• _Problem requirements_
Your answer should be the records again, unchanged in wording and free of images.

Saved entries:
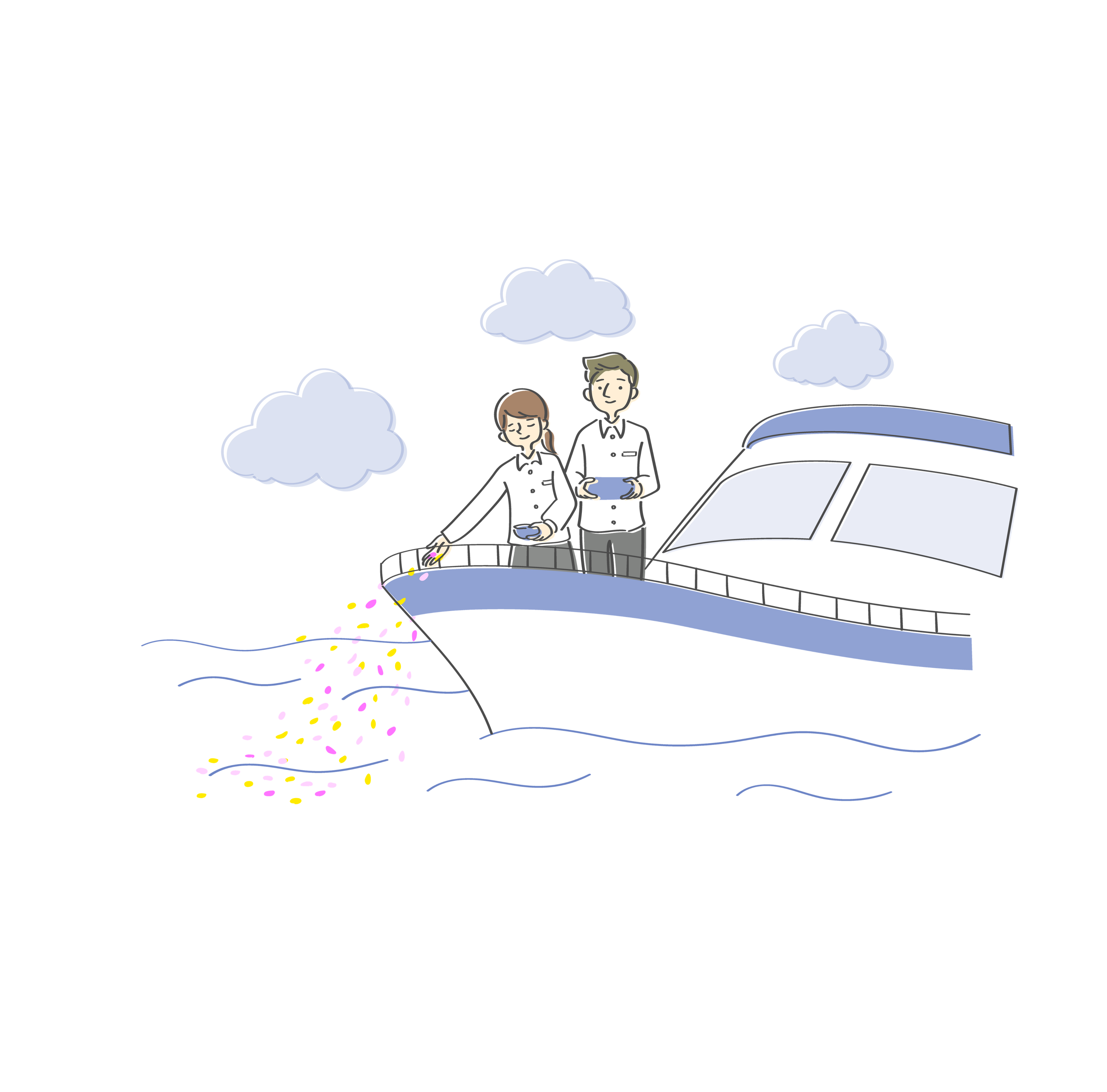 納骨先は福岡3寺院、熊本1寺院、鹿児島1寺院から選ぶことができ、海洋散骨は鹿児島湾や博多湾をはじめ、全国の海で実施可能です。思い入れのある場所、憧れの土地、生まれ育った地元などでの散骨希望にも対応致します。遺骨のプロが寄り添って丁寧にお申し込みから納骨、海洋散骨までお手伝い致します。
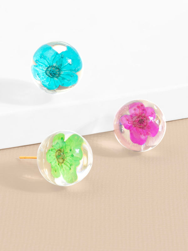 Delicate florals, perfectly suspended. The Amelia Lucite Floating Studs feature real flowers encased in clear resin domes, giving the illusion of a bloom floating mid-air. Lightweight, cheerful, and full of color, they’re a garden party in every shade.
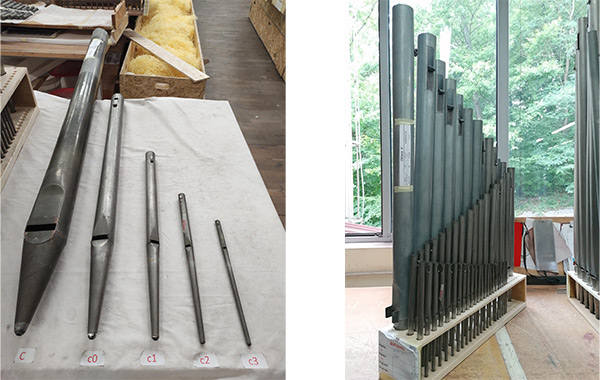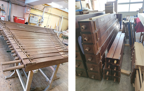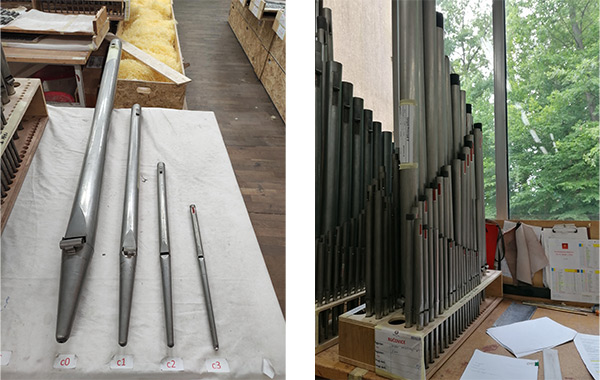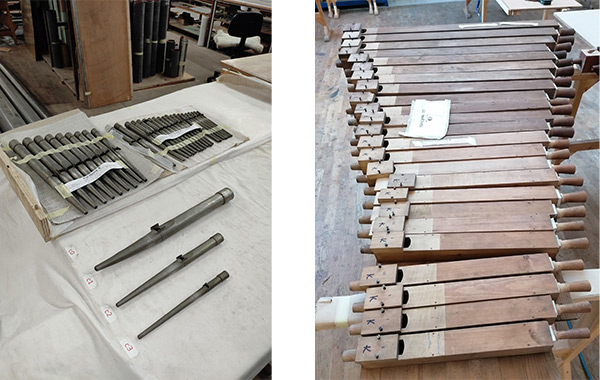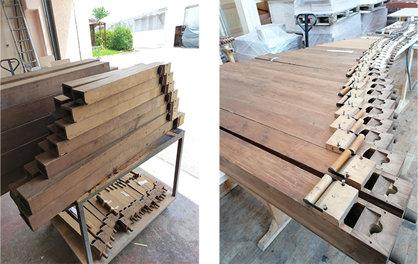 The organ table was made as a restoration copy based on the model historical organs in Úsov and Rohl. The new table is made in the spirit of these patterns, and its manual has a range of C-g3 (56 notes), while the pedal is C-f1 (30 notes). Bone and ebony were used to make the keyboards, with the keyboard sides modelled on the Ušov organ. An oak cabinet with a platform and a new oak pedal keyboard were also made, both based on the model from Rohle.
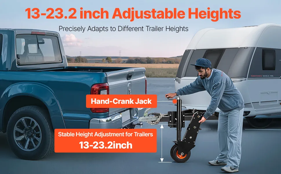 Comodo e facile da usare: questo carrello per il trasporto di rimorchi è dotato di un martinetto a manovella incorporato, che regola facilmente l'altezza tra 13 e 23,2 pollici. Ciò garantisce un controllo stabile durante lo spostamento e si adatta a diverse dimensioni di rimorchi e barche, bilanciando sicurezza ed efficienza
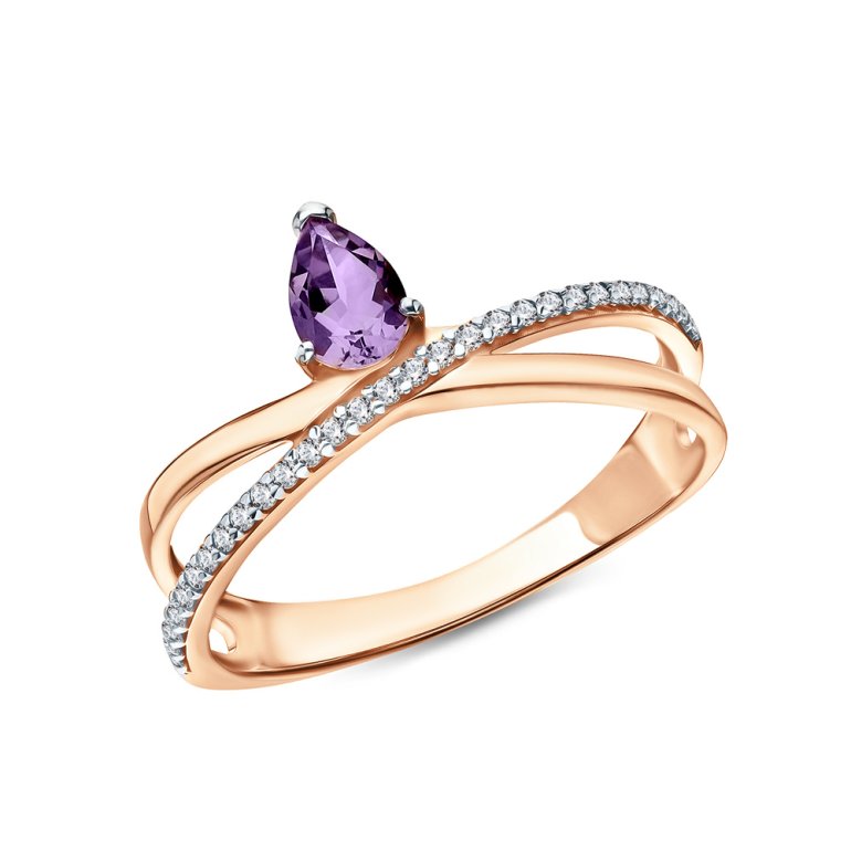 Кольцо с 1 аметистом, 0.352 карат, тип огранки Б; фианитом бесцветным; Розовое золото 585 пробы.
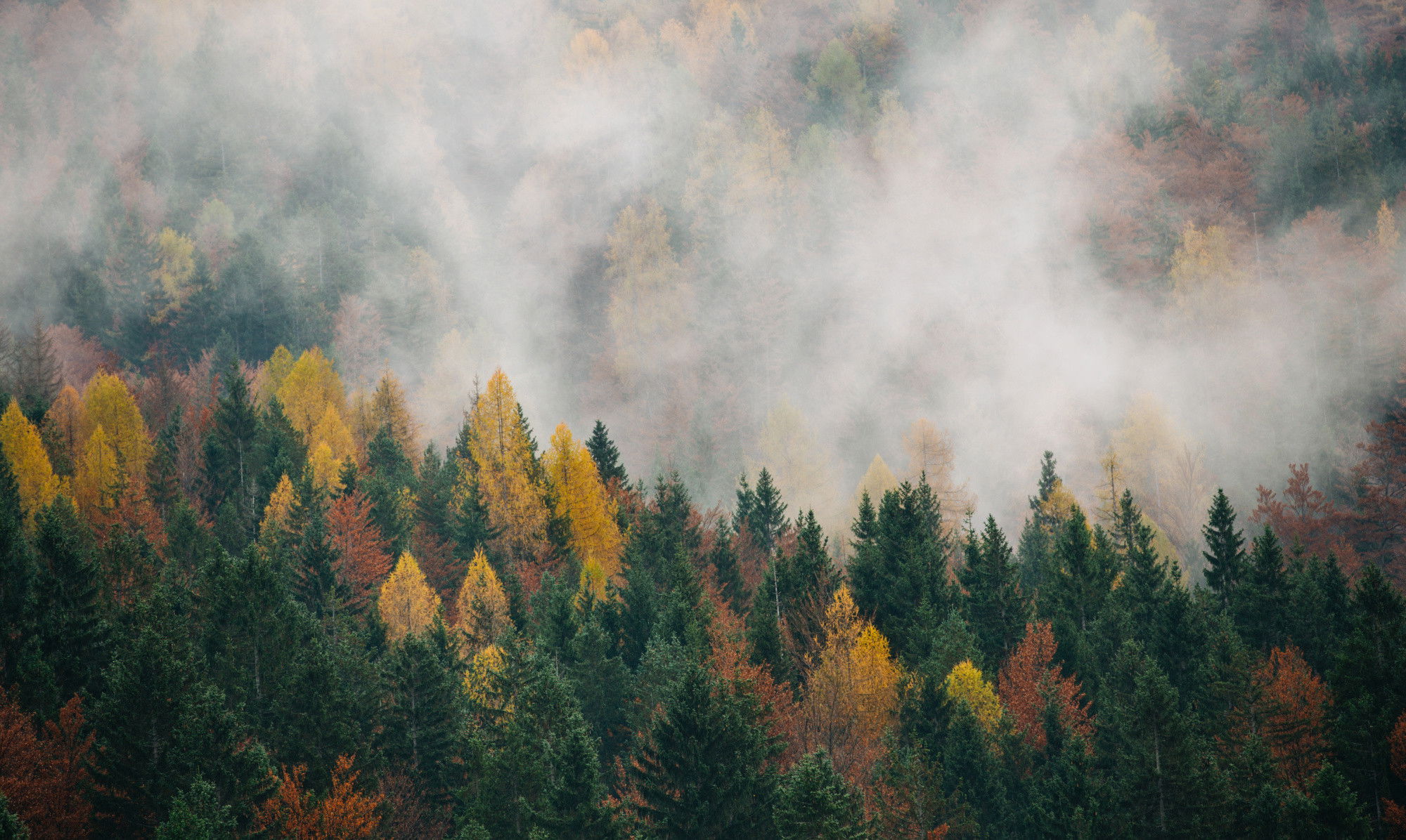 Ljuddämpande tavla - Autumn forest in the fog 3d
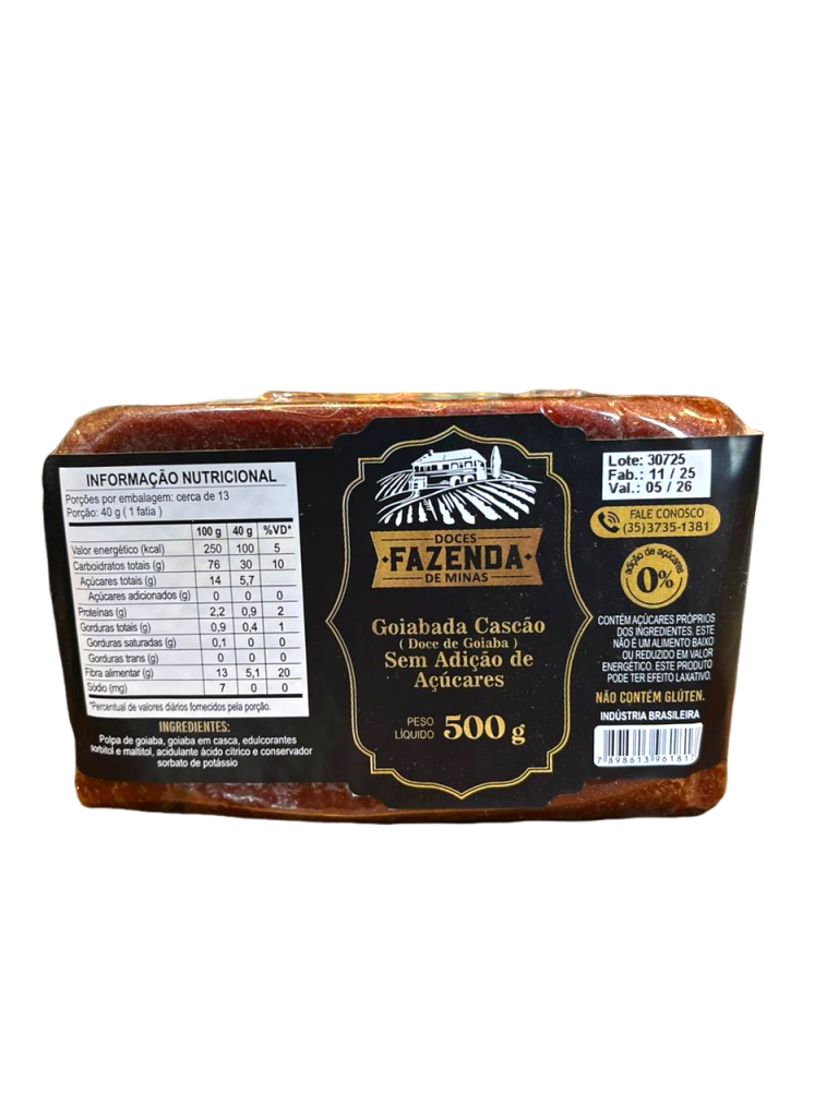 Goiabada tradicional em versão diet, com textura macia, sabor intenso da fruta e sem adição de açúcar. Ideal para quem busca equilíbrio entre prazer e cuidado, perfeita para consumo puro, com queijos ou em receitas.

• _Output below_
 納骨先は福岡3寺院、熊本1寺院、鹿児島1寺院から選ぶことができ、海洋散骨は鹿児島湾や博多湾をはじめ、全国の海で実施可能です。思い入れのある場所、憧れの土地、生まれ育った地元などでの散骨希望にも対応致します。遺骨のプロが寄り添って丁寧にお申し込みから納骨、海洋散骨までお手伝い致します。
 Delicate florals, perfectly suspended. The Amelia Lucite Floating Studs feature real flowers encased in clear resin domes, giving the illusion of a bloom floating mid-air. Lightweight, cheerful, and full of color, they’re a garden party in every shade.
 The organ table was made as a restoration copy based on the model historical organs in Úsov and Rohl. The new table is made in the spirit of these patterns, and its manual has a range of C-g3 (56 notes), while the pedal is C-f1 (30 notes). Bone and ebony were used to make the keyboards, with the keyboard sides modelled on the Ušov organ. An oak cabinet with a platform and a new oak pedal keyboard were also made, both based on the model from Rohle.
 Comodo e facile da usare: questo carrello per il trasporto di rimorchi è dotato di un martinetto a manovella incorporato, che regola facilmente l'altezza tra 13 e 23,2 pollici. Ciò garantisce un controllo stabile durante lo spostamento e si adatta a diverse dimensioni di rimorchi e barche, bilanciando sicurezza ed efficienza
 Кольцо с 1 аметистом, 0.352 карат, тип огранки Б; фианитом бесцветным; Розовое золото 585 пробы.
 Ljuddämpande tavla - Autumn forest in the fog 3d
 Goiabada tradicional em versão diet, com textura macia, sabor intenso da fruta e sem adição de açúcar. Ideal para quem busca equilíbrio entre prazer e cuidado, perfeita para consumo puro, com queijos ou em receitas.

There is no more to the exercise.